(Source data Opens)
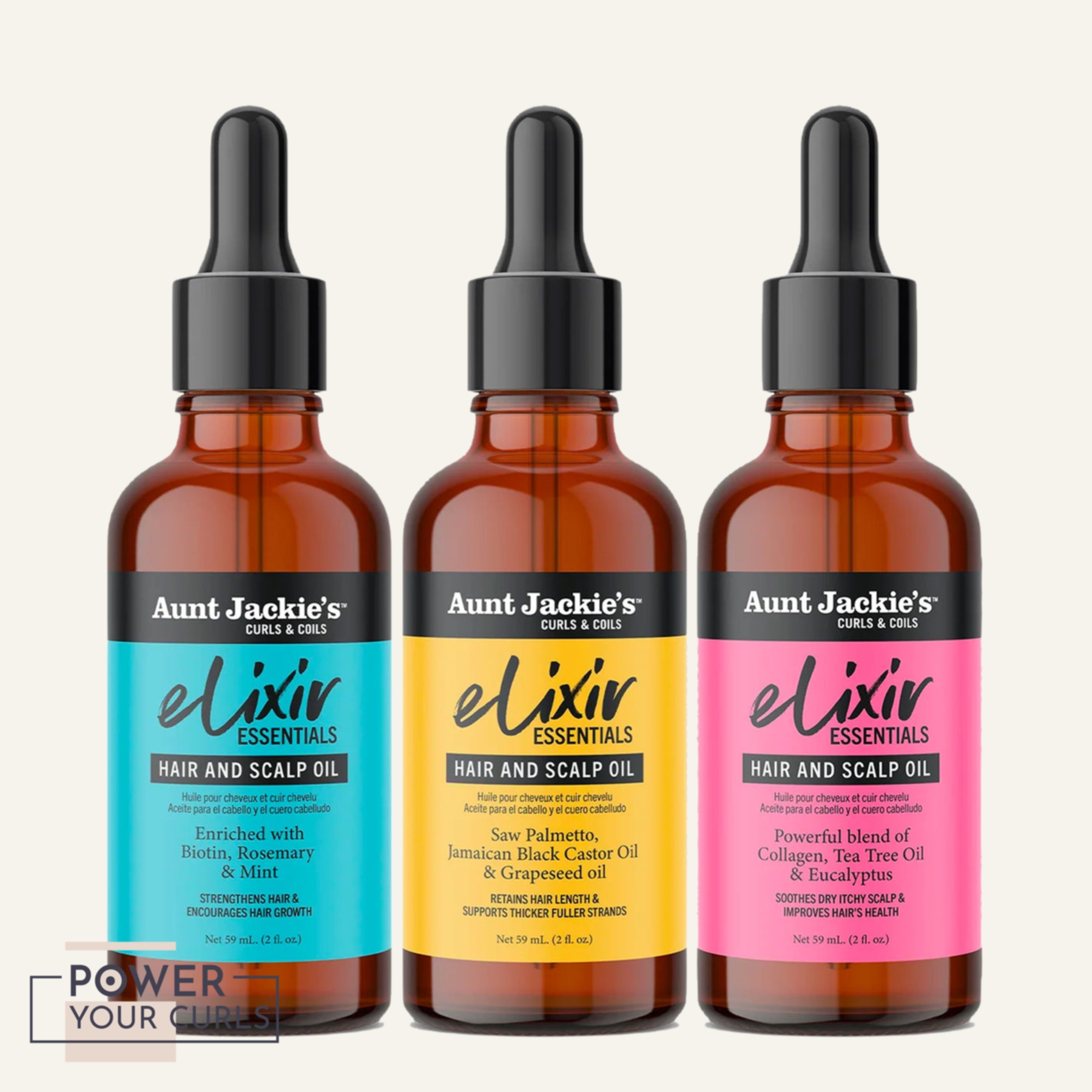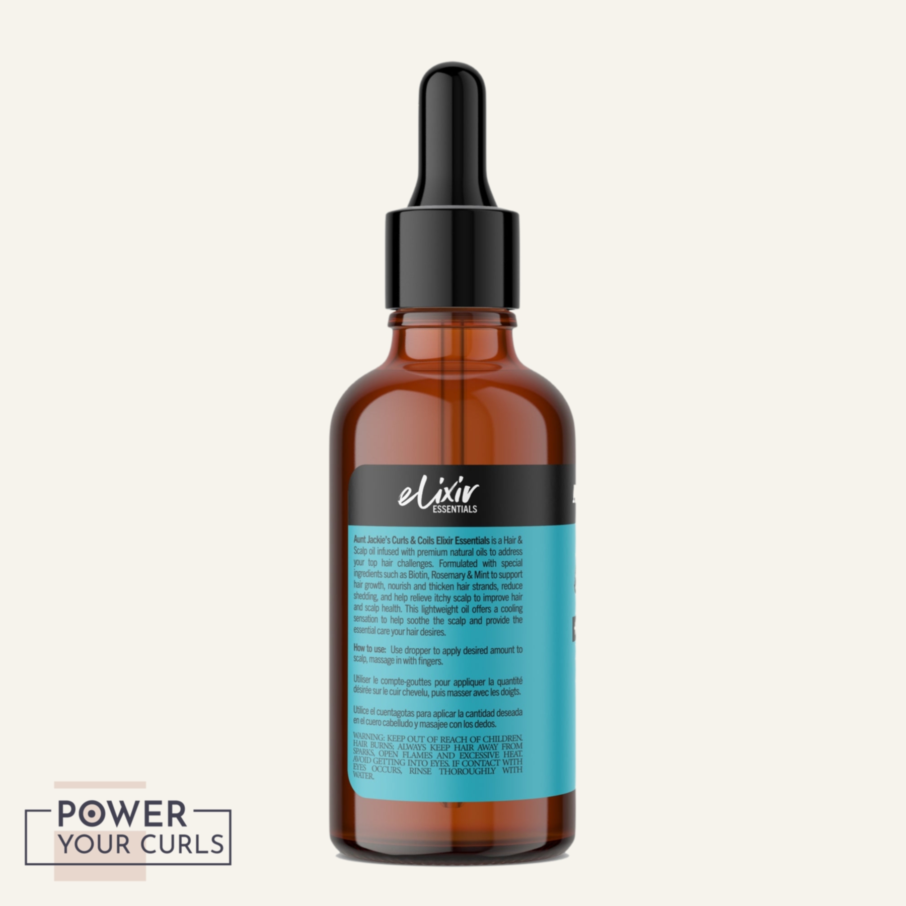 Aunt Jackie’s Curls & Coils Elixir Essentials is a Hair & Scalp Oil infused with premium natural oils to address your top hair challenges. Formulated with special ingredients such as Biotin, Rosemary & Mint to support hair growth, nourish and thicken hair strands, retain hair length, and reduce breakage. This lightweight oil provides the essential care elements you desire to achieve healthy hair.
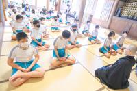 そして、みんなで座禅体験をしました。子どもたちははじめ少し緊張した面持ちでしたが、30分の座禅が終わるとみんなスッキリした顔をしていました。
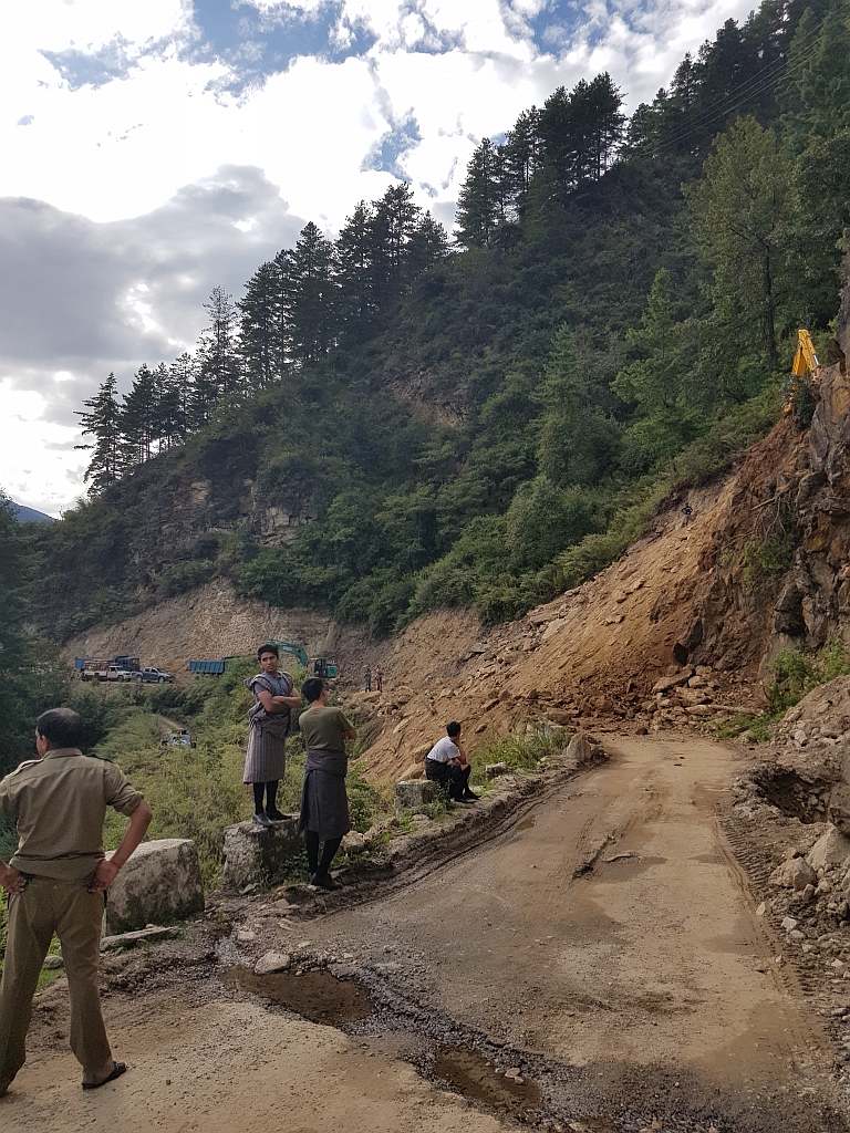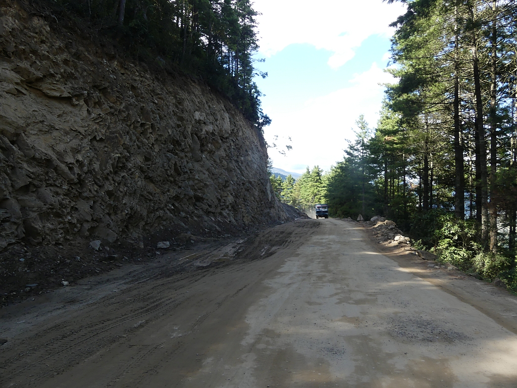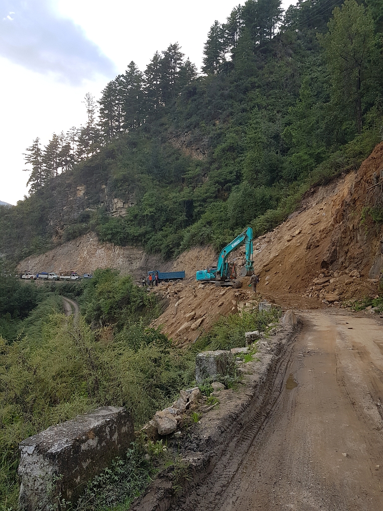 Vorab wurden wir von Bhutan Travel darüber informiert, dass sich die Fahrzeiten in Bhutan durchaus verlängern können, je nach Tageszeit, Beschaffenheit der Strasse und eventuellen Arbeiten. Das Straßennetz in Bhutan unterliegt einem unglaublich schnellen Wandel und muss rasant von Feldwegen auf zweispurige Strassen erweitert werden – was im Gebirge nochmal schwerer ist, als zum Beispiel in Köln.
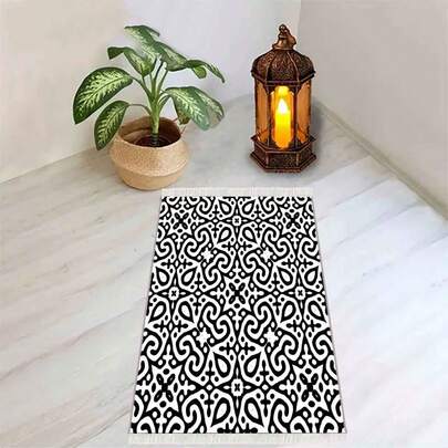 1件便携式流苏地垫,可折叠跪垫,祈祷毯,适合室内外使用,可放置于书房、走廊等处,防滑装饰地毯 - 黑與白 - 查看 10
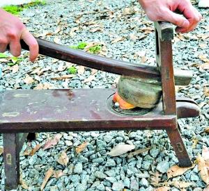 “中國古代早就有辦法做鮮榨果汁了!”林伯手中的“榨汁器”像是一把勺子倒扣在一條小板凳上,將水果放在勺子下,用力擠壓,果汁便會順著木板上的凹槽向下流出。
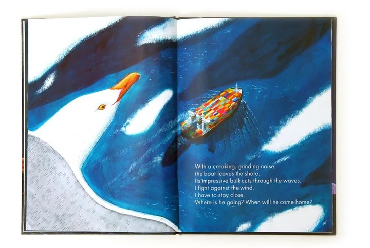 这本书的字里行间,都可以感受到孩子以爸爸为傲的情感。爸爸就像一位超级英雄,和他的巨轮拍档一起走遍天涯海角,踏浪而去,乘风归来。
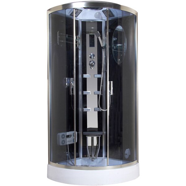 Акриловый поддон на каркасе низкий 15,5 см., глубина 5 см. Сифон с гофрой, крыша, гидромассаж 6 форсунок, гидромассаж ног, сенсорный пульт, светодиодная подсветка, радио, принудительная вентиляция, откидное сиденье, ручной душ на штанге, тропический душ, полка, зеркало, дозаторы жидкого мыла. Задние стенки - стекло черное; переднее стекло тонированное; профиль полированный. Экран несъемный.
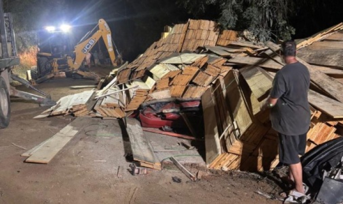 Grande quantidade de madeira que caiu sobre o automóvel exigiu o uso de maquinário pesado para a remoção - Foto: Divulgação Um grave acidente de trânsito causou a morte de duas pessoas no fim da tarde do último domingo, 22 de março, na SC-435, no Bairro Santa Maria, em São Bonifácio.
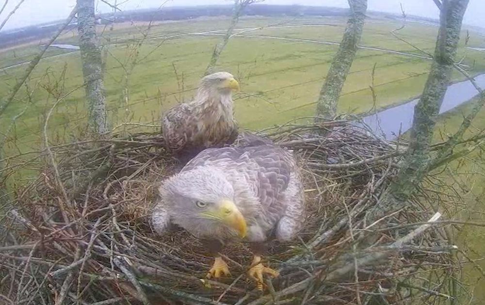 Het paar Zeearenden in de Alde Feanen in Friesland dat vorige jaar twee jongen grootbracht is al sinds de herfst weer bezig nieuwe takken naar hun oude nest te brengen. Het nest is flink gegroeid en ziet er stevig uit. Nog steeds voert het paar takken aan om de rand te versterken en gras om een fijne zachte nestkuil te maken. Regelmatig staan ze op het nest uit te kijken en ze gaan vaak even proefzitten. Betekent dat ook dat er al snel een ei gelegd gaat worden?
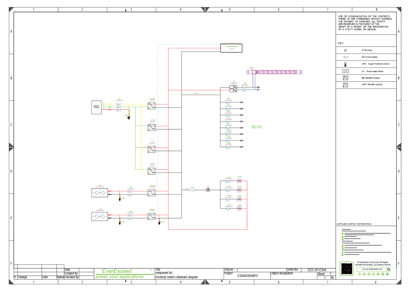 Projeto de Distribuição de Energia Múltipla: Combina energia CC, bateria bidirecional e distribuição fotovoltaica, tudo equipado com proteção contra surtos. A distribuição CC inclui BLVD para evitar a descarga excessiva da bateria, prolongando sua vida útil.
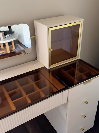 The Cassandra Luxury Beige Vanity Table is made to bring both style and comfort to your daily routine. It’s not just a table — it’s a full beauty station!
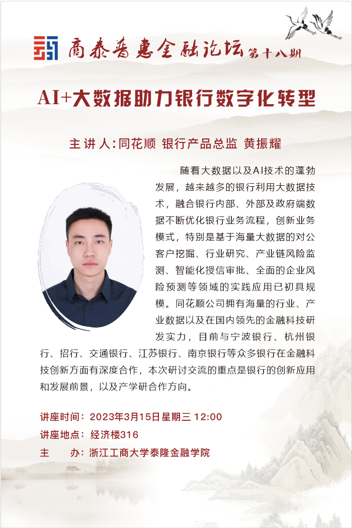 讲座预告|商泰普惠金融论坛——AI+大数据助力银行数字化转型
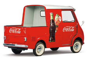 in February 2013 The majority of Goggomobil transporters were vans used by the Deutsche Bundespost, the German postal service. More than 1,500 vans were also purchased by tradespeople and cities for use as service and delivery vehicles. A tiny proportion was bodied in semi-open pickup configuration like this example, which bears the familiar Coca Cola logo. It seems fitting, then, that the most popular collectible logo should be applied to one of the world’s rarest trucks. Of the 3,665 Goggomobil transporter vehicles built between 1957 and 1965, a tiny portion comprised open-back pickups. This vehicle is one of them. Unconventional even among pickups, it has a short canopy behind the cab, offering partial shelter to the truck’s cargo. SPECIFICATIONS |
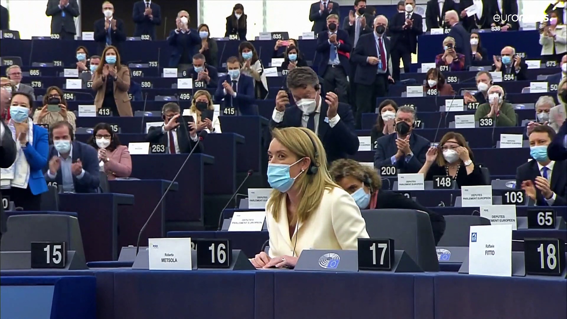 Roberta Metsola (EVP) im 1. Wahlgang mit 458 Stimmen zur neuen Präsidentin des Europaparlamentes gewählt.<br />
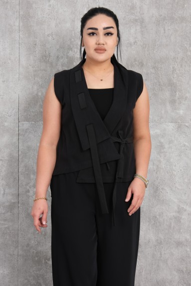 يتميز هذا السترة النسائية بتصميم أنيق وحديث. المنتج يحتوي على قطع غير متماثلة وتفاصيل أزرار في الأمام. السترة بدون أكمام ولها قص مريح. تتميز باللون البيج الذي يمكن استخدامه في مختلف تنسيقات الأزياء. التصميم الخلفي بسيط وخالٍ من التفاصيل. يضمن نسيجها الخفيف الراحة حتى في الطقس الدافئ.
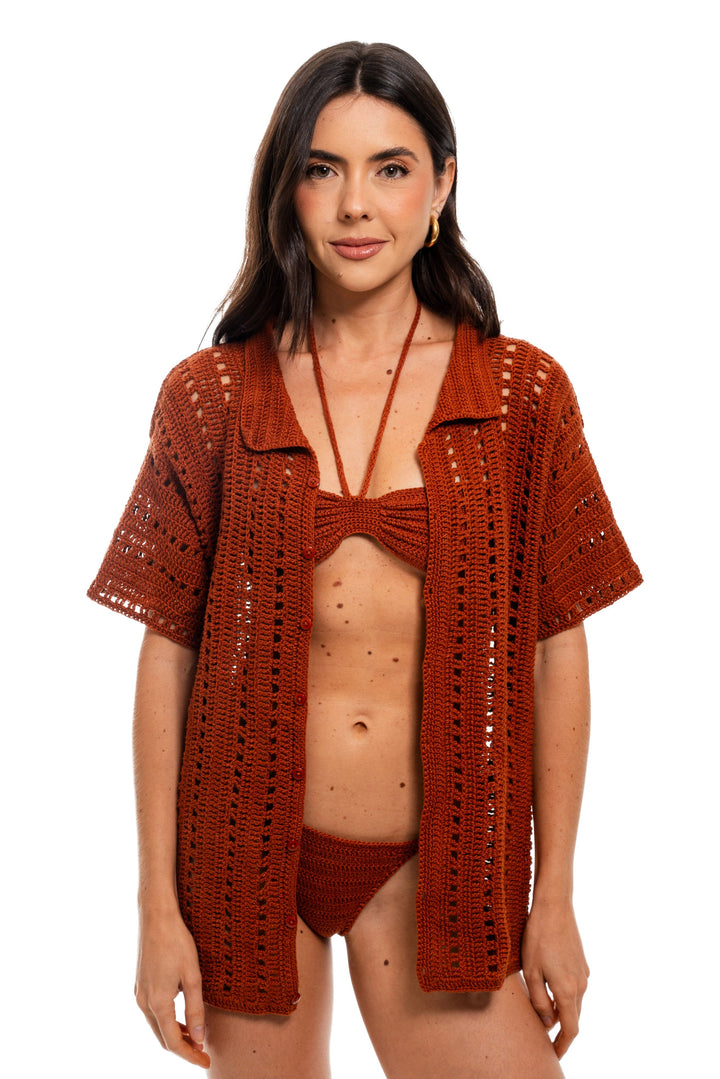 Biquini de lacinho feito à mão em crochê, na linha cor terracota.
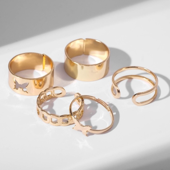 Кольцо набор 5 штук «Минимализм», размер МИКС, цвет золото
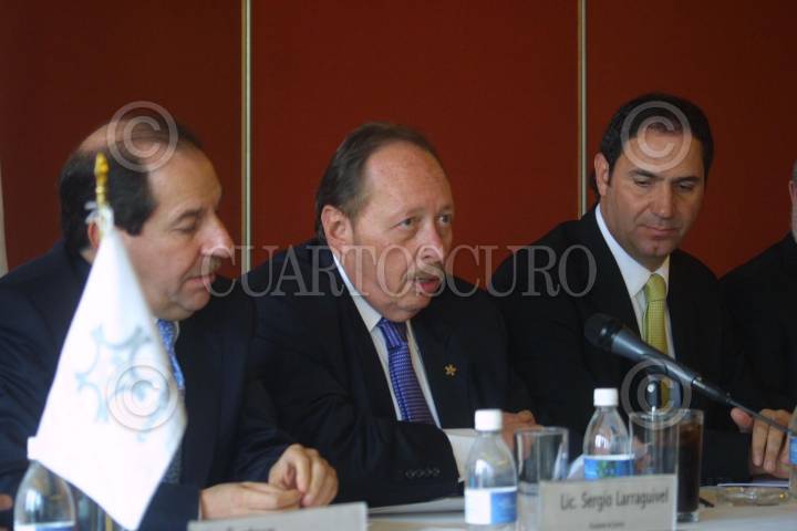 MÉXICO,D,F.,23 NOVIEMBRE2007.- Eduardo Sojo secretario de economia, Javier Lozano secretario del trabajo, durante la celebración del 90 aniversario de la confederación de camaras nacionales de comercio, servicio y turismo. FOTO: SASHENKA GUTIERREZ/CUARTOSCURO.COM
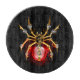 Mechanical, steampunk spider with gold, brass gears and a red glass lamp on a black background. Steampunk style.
(Source data Closes)
Task item:
Using the data above, return the lines from the one holding "in February 2013" through the one holding "Кольцо набор 5" exactly, but not the pictures.

Exercise result:
 in February 2013 The majority of Goggomobil transporters were vans used by the Deutsche Bundespost, the German postal service. More than 1,500 vans were also purchased by tradespeople and cities for use as service and delivery vehicles. A tiny proportion was bodied in semi-open pickup configuration like this example, which bears the familiar Coca Cola logo. It seems fitting, then, that the most popular collectible logo should be applied to one of the world’s rarest trucks. Of the 3,665 Goggomobil transporter vehicles built between 1957 and 1965, a tiny portion comprised open-back pickups. This vehicle is one of them. Unconventional even among pickups, it has a short canopy behind the cab, offering partial shelter to the truck’s cargo. SPECIFICATIONS |
 Roberta Metsola (EVP) im 1. Wahlgang mit 458 Stimmen zur neuen Präsidentin des Europaparlamentes gewählt.<br />
 يتميز هذا السترة النسائية بتصميم أنيق وحديث. المنتج يحتوي على قطع غير متماثلة وتفاصيل أزرار في الأمام. السترة بدون أكمام ولها قص مريح. تتميز باللون البيج الذي يمكن استخدامه في مختلف تنسيقات الأزياء. التصميم الخلفي بسيط وخالٍ من التفاصيل. يضمن نسيجها الخفيف الراحة حتى في الطقس الدافئ.
 Biquini de lacinho feito à mão em crochê, na linha cor terracota.
 Кольцо набор 5 штук «Минимализм», размер МИКС, цвет золото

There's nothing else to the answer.